Seldon was founded in 2014 with a simple yet ambitious aim: accelerate the adoption of machine learning to solve some of the world’s most challenging problems. Since 2018, Seldon has raised €10 million in funding and achieved 38% MoM growth, working with partners such as Google, RedHat and IBM and leading enterprise clients.
We have created a culture that we’re proud of driven by our passionate, talented team and a truly collaborative ethos. Our workplace is engineering-led and design-driven, offering an agile and fast-paced environment that is evolving as we scale, enabling unique opportunities to grow and develop your career.
We’re looking for a Site Reliability Engineer (SRE) to join our team. We are focused on making it easy for machine learning models to be deployed and managed at scale in production. We provide Cloud Native products that run on top of Kubernetes and are open-core with several successful open source projects including Seldon Core, Alibi:Explain and Alibi:Detect. We also contribute to open source projects under the Kubeflow umbrella including KFServing.
You will be joining Seldon in to help us expand our product range with confidence across various cloud and on-prem installations. It’s a key initial hire for us in the area of SRE and you will be pivotal in establishing our approach and core best practices.
What you will be doing
- Extend open and closed products to allow for Cloud Marketplace publishing
- Build observability and monitoring for internal services to ensure reliability
- Manage our Marketplace releases including Google and Redhat marketplace
- Manage internal services on cloud Infrastructure
- Establish and maintain CI/CD pipelines for core open and closed source projects
- Develop and improve the reliability process across the engineering team
- Manage team IAM across infrastructure used by the team
- Working collaboratively across our Technology team
What skill you will bring to the team
- A minimum of two years industry experience or academia showing completed projects
- A degree or higher level academic background in a scientific or engineering subject
- Experience working with Linux and the Unix Shell
- A proactive approach to continuous improvement and problem solving
Core skills required, developed either through existing experience or with a demonstrable desire to learn:
- Familiarity with Cloud Infrastructure (GCP, AWS)
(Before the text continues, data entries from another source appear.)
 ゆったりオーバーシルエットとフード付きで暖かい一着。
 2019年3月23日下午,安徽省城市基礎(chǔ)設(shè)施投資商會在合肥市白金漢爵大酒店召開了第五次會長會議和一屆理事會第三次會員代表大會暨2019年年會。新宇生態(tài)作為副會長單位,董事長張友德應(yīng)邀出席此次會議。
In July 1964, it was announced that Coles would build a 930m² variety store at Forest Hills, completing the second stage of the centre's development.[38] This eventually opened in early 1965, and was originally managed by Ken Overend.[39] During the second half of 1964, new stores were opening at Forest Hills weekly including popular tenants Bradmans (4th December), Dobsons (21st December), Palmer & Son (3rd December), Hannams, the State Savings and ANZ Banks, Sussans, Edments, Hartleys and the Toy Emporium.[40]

- Implementing "Infrastructure as Code" (Terraform or similar technologies)
- Managing Kubernetes and Docker environments
- Knowledge of monitoring and alerting technologies
- Knowledge of CI/CD systems
- Strong programming skills (Golang, Python, Bash)
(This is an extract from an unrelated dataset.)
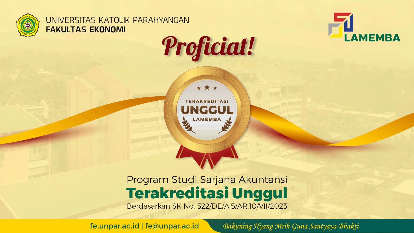 Puji syukur kami panjatkan ke hadirat Tuhan yang Maha Esa atas keberhasilan Program Studi Sarjana Akuntasi Fakultas Ekonomi Universitas Katolik Parahyangan (FE UNPAR) yang mempertahankan status akreditasi A dari BAN-PT menjadi akreditasi UNGGUL dari Lembaga Akreditasi Mandiri Ekonomi, Manajemen, Bisnis dan Akuntansi (LAMEMBA), dengan SK No. 522/DE/A.5/AR.10/VII/2023 berlaku mulai 17 Juli 2023 sampai dengan 17 Juli 2028.

- Interest in using and contributing to Open Source tools
Advantageous but not necessary:
- Experience with maintaining / deploying machine learning models in production
What you will gain in return
- An exciting role in a fast growing company, with the opportunity to help shape our SRE approach
- A supportive and collaborative team environment with a commitment to learning and career development
- Share options to align you with the long-term success of the company
- 28 days annual leave
- Access to discounted lunches, gyms, shopping and cinema tickets
- Healthcare Cash Plan and Employee Assistance Programme
- Flexible approach to hybrid-working
- Pension scheme
- Cycle to work scheme
Our interview process is normally a phone interview, a coding task, and 2-3 hours of final interview (carried out virtually). We promise not to ask you any brain teasers or trick questions. We might design a system together on a whiteboard, the same way we often work together, but we won't make you write code on one. Our recruitment process has an average length of 3 weeks.